### What the exercise asks
Only the lines from the one that contains "1899'da Londra'da Afrikalılar, sömürge" through the last line of the data below should be duplicated, exactly and without pictures.

Stored data entries
----
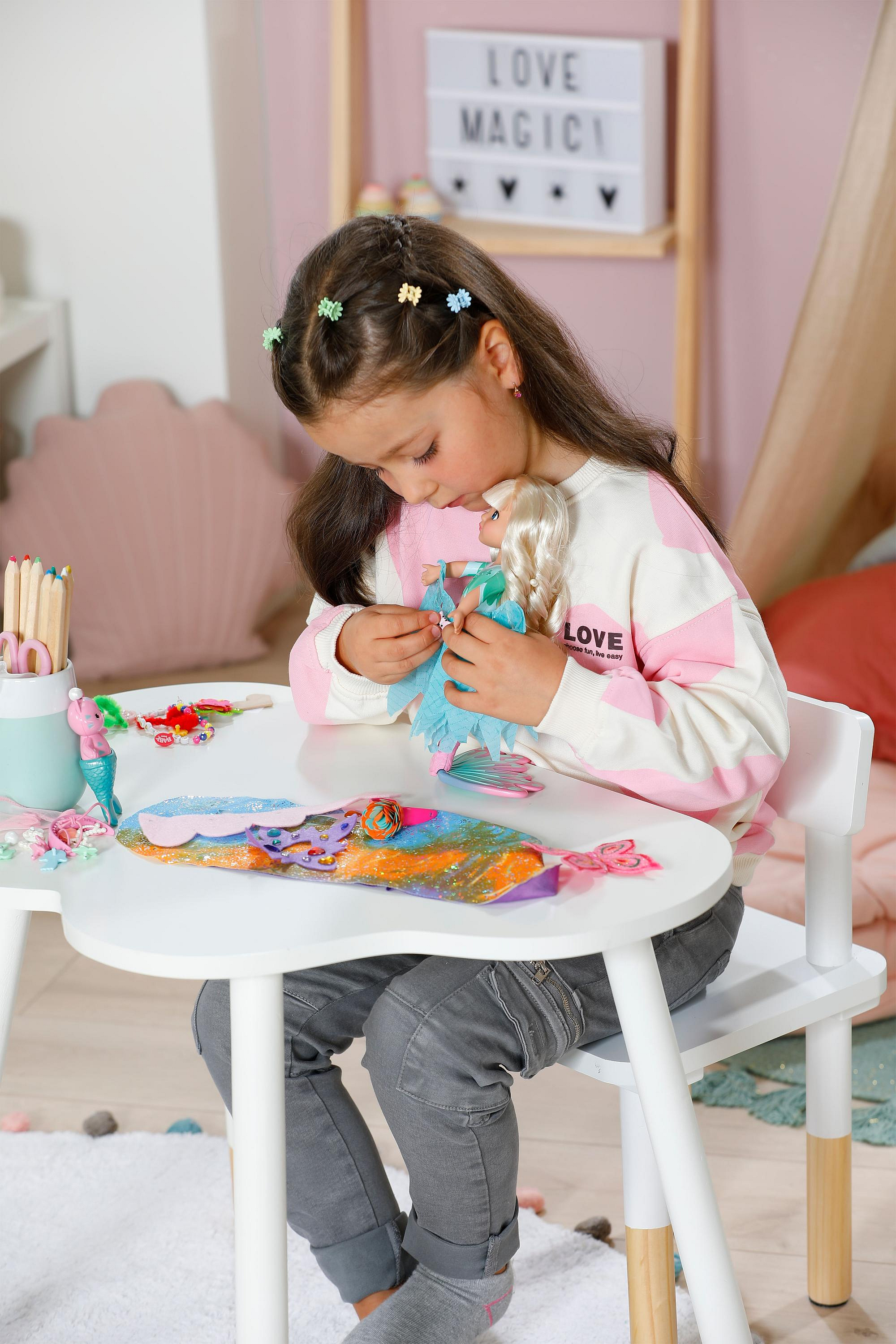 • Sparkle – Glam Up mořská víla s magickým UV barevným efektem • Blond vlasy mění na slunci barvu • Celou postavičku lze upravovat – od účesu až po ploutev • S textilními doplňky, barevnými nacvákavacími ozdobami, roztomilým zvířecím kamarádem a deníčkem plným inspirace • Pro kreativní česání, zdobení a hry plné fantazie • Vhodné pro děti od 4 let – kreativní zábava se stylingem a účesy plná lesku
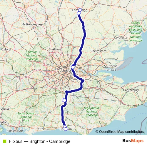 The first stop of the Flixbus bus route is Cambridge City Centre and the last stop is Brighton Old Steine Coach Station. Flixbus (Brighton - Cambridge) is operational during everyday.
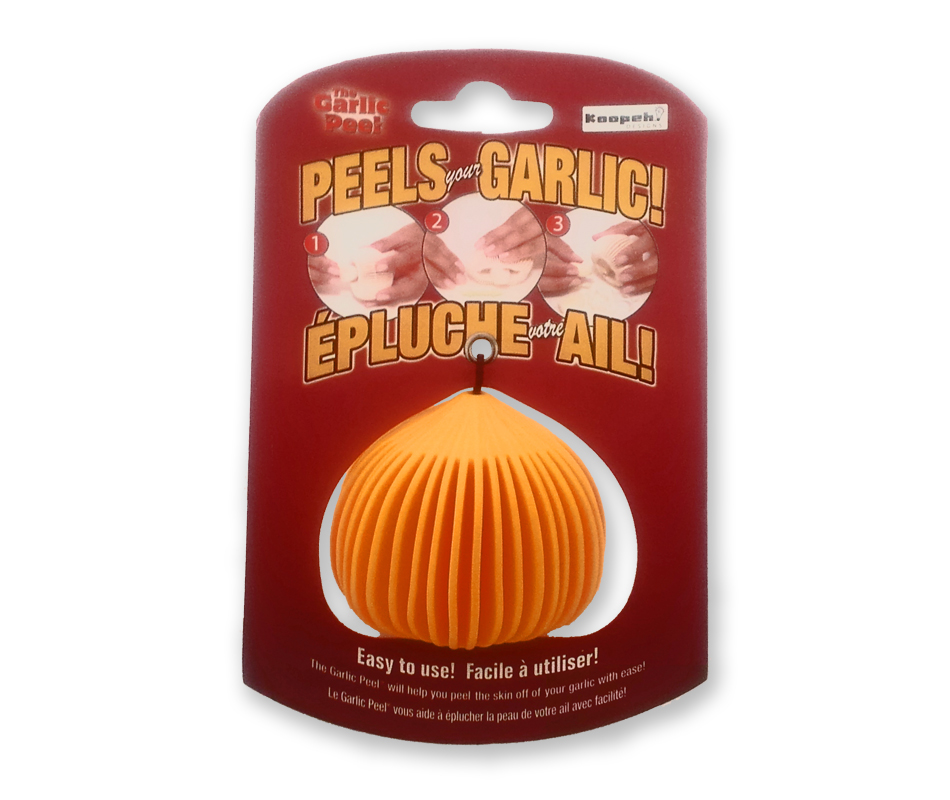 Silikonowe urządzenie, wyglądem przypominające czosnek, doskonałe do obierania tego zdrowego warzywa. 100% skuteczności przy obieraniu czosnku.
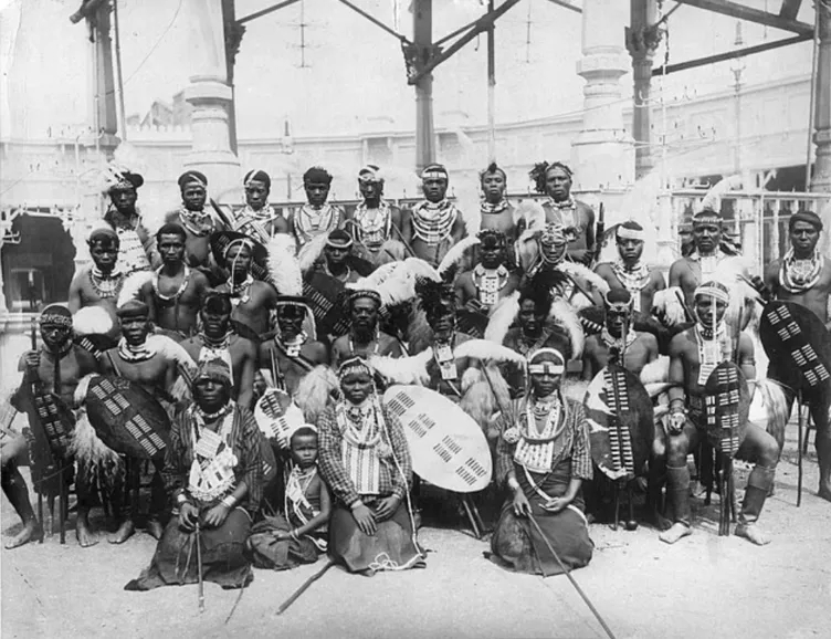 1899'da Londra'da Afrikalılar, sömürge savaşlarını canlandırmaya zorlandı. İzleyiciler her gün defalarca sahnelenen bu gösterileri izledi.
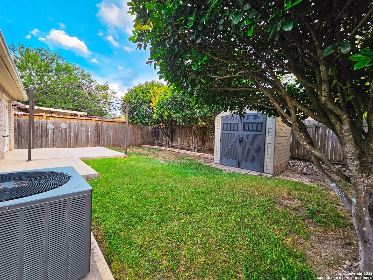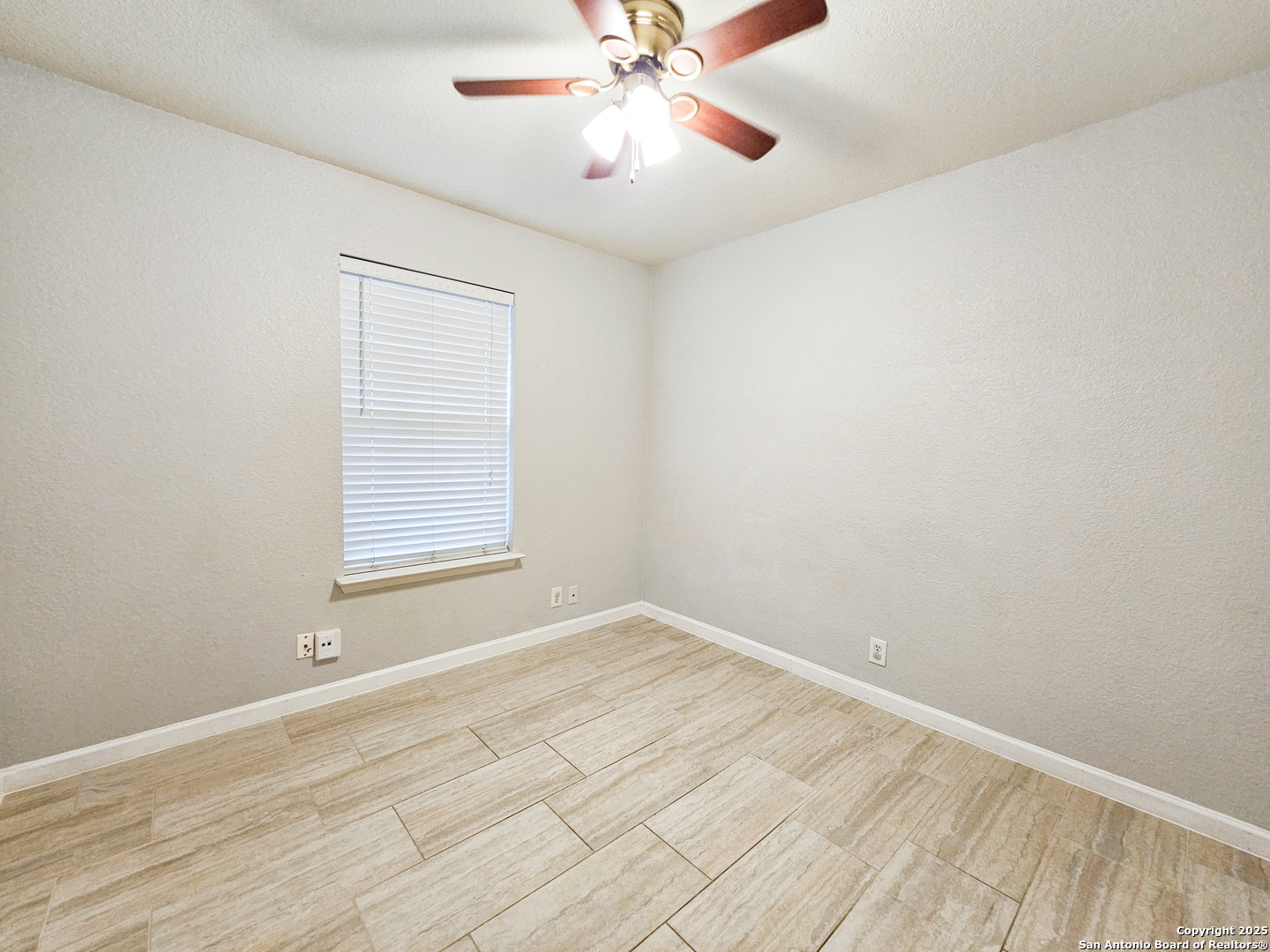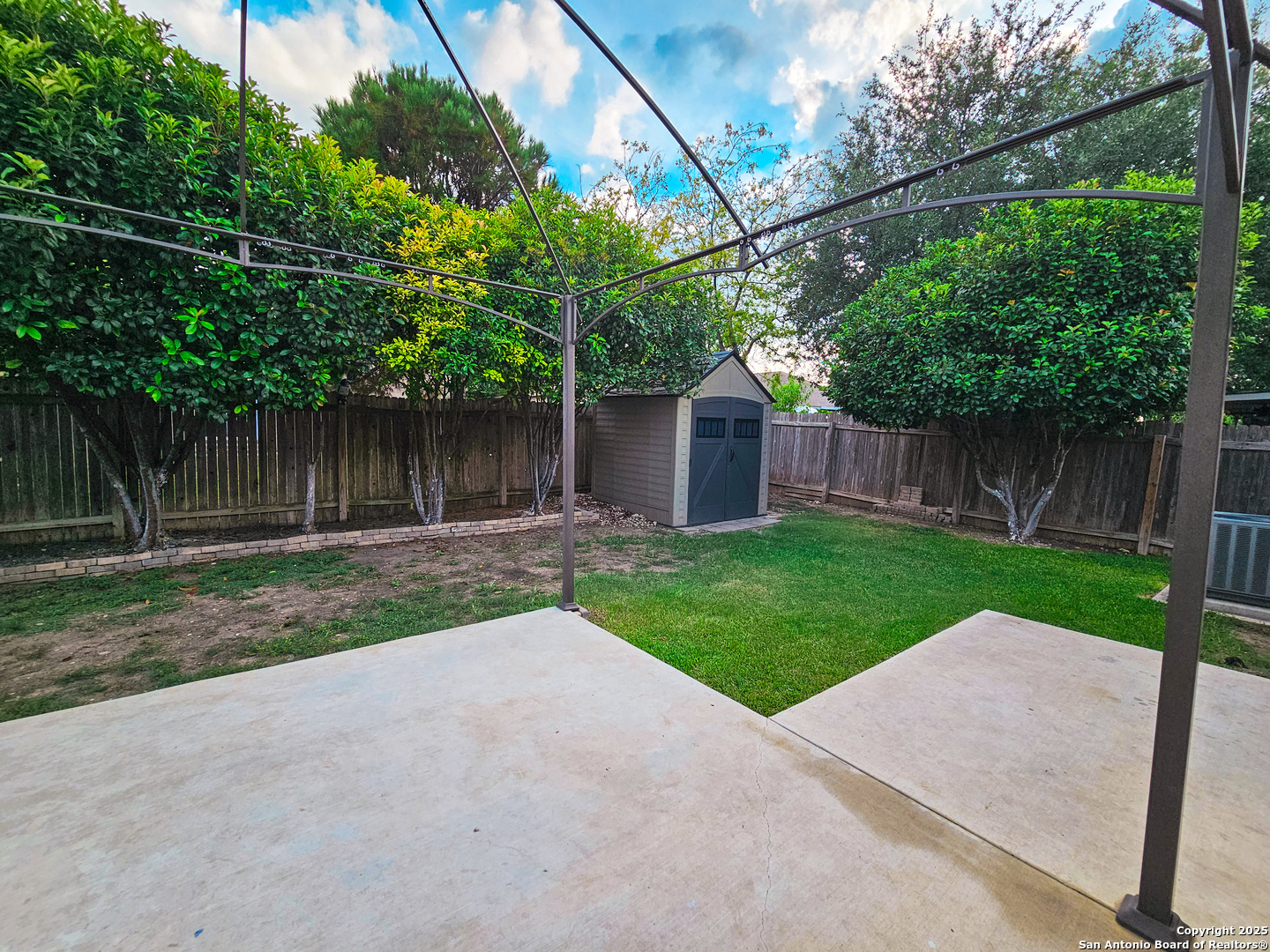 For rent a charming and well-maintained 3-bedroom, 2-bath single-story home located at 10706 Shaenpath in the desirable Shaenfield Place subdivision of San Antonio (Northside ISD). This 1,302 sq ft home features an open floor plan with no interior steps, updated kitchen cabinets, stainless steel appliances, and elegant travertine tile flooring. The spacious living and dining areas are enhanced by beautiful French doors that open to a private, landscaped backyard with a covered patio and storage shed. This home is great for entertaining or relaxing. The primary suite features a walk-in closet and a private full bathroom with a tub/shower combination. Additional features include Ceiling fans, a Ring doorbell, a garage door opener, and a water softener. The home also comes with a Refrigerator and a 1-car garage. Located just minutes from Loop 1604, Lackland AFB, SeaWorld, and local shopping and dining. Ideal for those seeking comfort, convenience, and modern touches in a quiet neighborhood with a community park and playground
----
### The completed task
 1899'da Londra'da Afrikalılar, sömürge savaşlarını canlandırmaya zorlandı. İzleyiciler her gün defalarca sahnelenen bu gösterileri izledi.
 For rent a charming and well-maintained 3-bedroom, 2-bath single-story home located at 10706 Shaenpath in the desirable Shaenfield Place subdivision of San Antonio (Northside ISD). This 1,302 sq ft home features an open floor plan with no interior steps, updated kitchen cabinets, stainless steel appliances, and elegant travertine tile flooring. The spacious living and dining areas are enhanced by beautiful French doors that open to a private, landscaped backyard with a covered patio and storage shed. This home is great for entertaining or relaxing. The primary suite features a walk-in closet and a private full bathroom with a tub/shower combination. Additional features include Ceiling fans, a Ring doorbell, a garage door opener, and a water softener. The home also comes with a Refrigerator and a 1-car garage. Located just minutes from Loop 1604, Lackland AFB, SeaWorld, and local shopping and dining. Ideal for those seeking comfort, convenience, and modern touches in a quiet neighborhood with a community park and playground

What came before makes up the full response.